Сейчас сеньор Волтес сидел напротив Адриа, размешивая сахар в чае. Он взглянул Адриа в глаза, и тот почувствовал себя обязанным ответить на этот взгляд, и я сказал: я искренне люблю вашу дочь. И тот перестал размешивать сахар и бесшумно положил ложечку на блюдце.

– Сара никогда тебе о нем не рассказывала?

– О дяде?

– Да.

– Немного рассказывала.

– Насколько немного?

– Ну, что… Что один нацист вытащил его из газовой камеры, чтобы он его обследовал.

– Дядя Хаим покончил с собой в пятьдесят третьем году, и мы всегда задавались вопросом: почему, если он все вынес? Почему, если ему удалось выжить и воссоединиться с семьей… с оставшейся частью семьи?.. И чтобы отдать дань памяти этому «почему», мы хотим быть одни.

И Адриа с самонадеянностью, вызванной неожиданной откровенностью собеседника, ответил: может быть, дядя Хаим покончил с собой, потому что не смог вынести того, что он выжил; потому что чувствовал себя виноватым в том, что не умер.

– Смотри‑ка, мудрец нашелся. Может быть, он сам тебе это рассказал? Вы что, были знакомы?

Да почему же ты не умеешь вовремя промолчать, а?
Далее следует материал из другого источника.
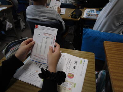 5年生、書写の学習で、用紙に対する文字の大きさや配列の学習で、年賀状を書く練習をしていました。残りひと月で、今年も終わってしまいますね、、、。

– Простите. Я не хотел вас обидеть.

Сеньор Волтес снова взял ложечку и стал помешивать чай – наверняка чтобы сосредоточиться. Когда Адриа уже думал, что разговор окончен, сеньор Волтес продолжил монотонно, словно произносил заученный текст; словно то, что он говорил, было ритуальной частью отмечания дня памяти дяди Хаима:

– Дядя Хаим был образованным человеком, именитым врачом, и, вернувшись из Освенцима, когда окончилась война, он не захотел взглянуть нам в глаза. Он приехал к нам, потому что мы были его единственными родственниками. Он не был женат. Его брат, дедушка Сары, умер в тридцать девятом году в поезде при перевозке. Этот поезд организовали вишисты[295], чтобы способствовать мировой этнической чистке. Его брат. А его свояченица не пережила позора и умерла в тюрьме Дранси перед отправкой. И он годы спустя вернулся в Париж к единственной своей родственнице, к племяннице. Он так больше и не возобновил врачебную практику. А когда мы поженились, то настояли на том, чтобы он переехал к нам. Когда Саре было три годика, дядя Хаим сказал Рашели, что идет пропустить рюмочку пастиса[296]в «Оберже», взял Сару на руки, поцеловал, поцеловал Макса, которого как раз привели из детского сада, нахлобучил шляпу и вышел из дому, насвистывая анданте из Седьмой симфонии Бетховена. Через полчаса мы узнали, что он бросился в Сену с моста Пон‑Нёф.

– Мои соболезнования, сеньор Волтес.

– И мы отдаем ему дань памяти. Ему и другим нашим близким родственникам – их четырнадцать, – ставшим жертвами Шоа[297]. Мы выбрали этот день, потому что это единственная известная дата смерти на всех. Их просто уничтожили – мы знаем – без тени сочувствия, во имя нового мира.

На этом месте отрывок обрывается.